The book begins with the protagonist having to do a “wander”- a 2 week ordeal alone in the wild. At the start, he is stripped naked and sent out with absolutely nothing but his body and is expected to come back two weeks later with clothing and some ornaments (a claw or two if possible). Needless to say you needed to have been able to hunt the food to eat and survive. Compare that with the modern state of existence. How many of us collapse when the air conditioning in our rooms fail? Sure we can upload a post on instagram but can we survive a day in wilderness with no tools to start with?
Sure, there’s a lot of blood and gore and hunts in the book and at times this was too much for me- a vegetarian aspiring to be vegan. But this was characteristic of existence 30,000 years ago- agriculture did not yet exist and humans hunted animals to eat and to survive. But the book also brings out how precarious human existence was and how close to starvation people always were. Take spring for example- we look upon spring benevolently today because it is the season of renewal. But for our ancestors spring was probably the worst season. Almost all the meat stored from the previous summer would have run out, the weather would still be cold and nothing would have grown yet for them to forage. The author describes how the same characters fill out during feasts in summer and autumn and then slowly shed their fat over winter and are absolutely lean during spring.
Some of the book revolves around the spectacular cave art that the shamans of the various clans execute in a cave.

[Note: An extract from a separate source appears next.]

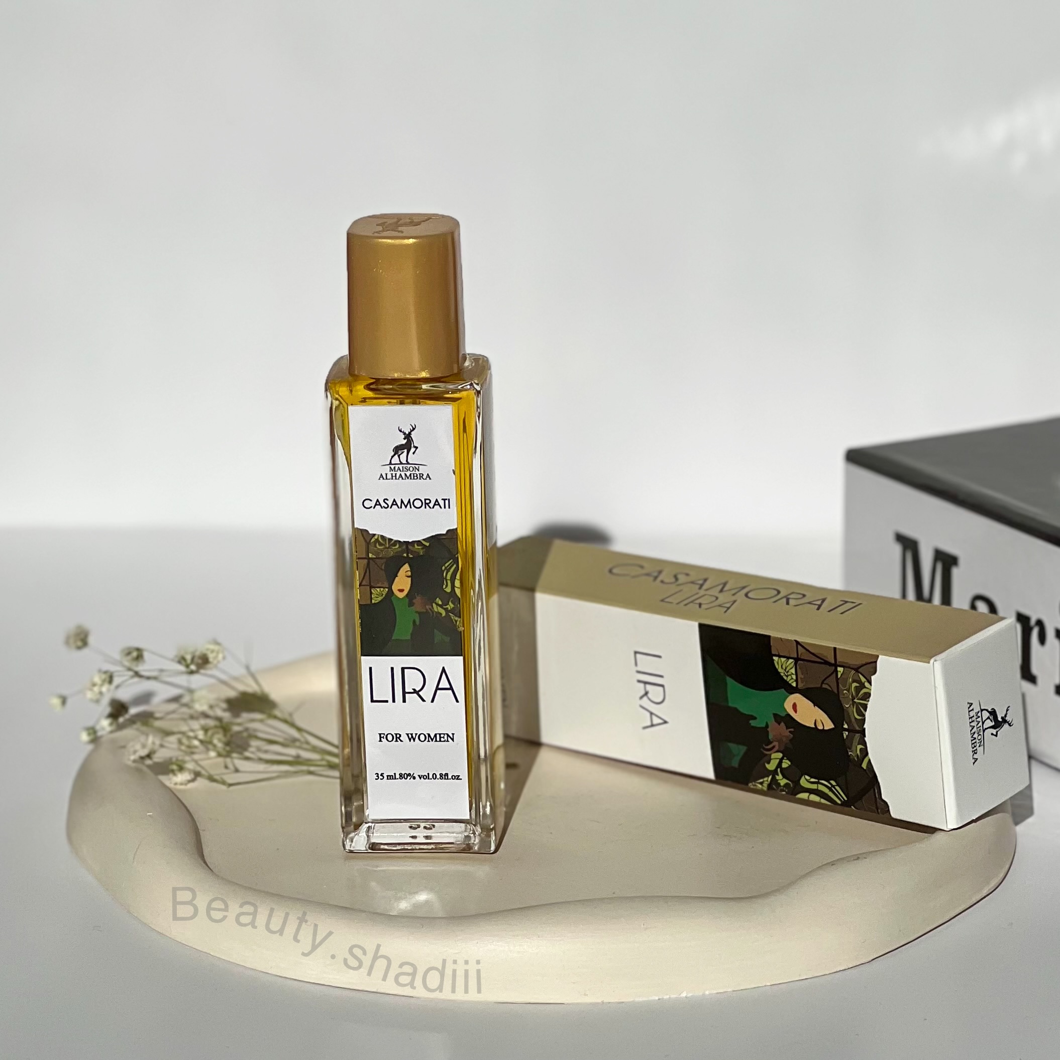 عطر ادکلن کازاموراتی زرجف-زرژاف لیرا-Xerjoff Casamorati Lira از برند قدیمی سلطنتی و سرشناس و مطرح کاساموراتی زرژاف در سال 2011 با عنوان عطری گلی شرقی، پای به عرصهی محصولات عطر و ادکلن در جهان نهاد. نت ابتدایی رایحهی این محصول از عناصری همچون اسطوخودوس، پرتقال خونی و ترنج تشکیل شدهه است و در نت میانی و در قلب این رایحه شاهد حضور عناصری همچون دارچین، گل یاس و شیرین بیان خواهیم بود و اما در نت اصلی و در پایه این عطر از عناصریی همچون وانیل، مشک و کارامل بهره برده که با توجه به حضور پر رنگ کارامل پایهی اصلی رایحهی این عطر بر مبنای حضور پر قدرت آن طراحی شده است. با توجه به رایحهی گرم و شیرین این محصول از آن میتوان در چهار فصل سال و در درازای شبانه روز استفادهی مدام داشت. سیلیج رایحهی عطر ادکلن زنانه کازاموراتی زرژاف لیره سنگین و ماندگاری آن بسیار طولانی مدت میباشد. ایو راچر طراح این عطر آن را به گونهای طراحی کرده که 99% آنرا همپایه با قیمت بالایش دانسته و آن را شاهکاری ابدی توصیف کردهاند. عطری که در ابتدا با شیرینی دلچسب و خوشمزهی وانیل کار خود را آغاز کرده و با شدت به سمت ملایمت رایحهی گلها رفته و کم کم ماندگاری بیشتری به خود میگیرد.

Robinson took inspiration for this from the real life cave drawings at the Chauvet cave in France. This makes me want to be able to visit at some point in the future (even though the actual caves are closed and visits are only possible to a museum replica).
The Mistborn Series by Brandon Sanderson (the first three books)
Thanks to my sister for introducing this series and author to me. I thoroughly enjoyed myself reading The Final Empire, The Well of Ascension and the Hero of the Ages. The series checks all the boxes for good fantasy- good plot, new kind of magic, large cast of fun characters, seemingly impossible to overthrow dark lord, inscrutable background story stretching thousands of years into the past- so on and so forth.
If you like fantasy and a good story, you should definitely give these books a try.

So what are you reading this World Book Day?
I’m still working my way through ‘the fountain at St. James Court/portrait of an artist as an old woman by Sena Jeter Naslund.
yeah ,ancient art seems amazing to me. Survival was so hard ,yet he had time to paint! Unbelievable. Modern human life seems so insignificant compared to that.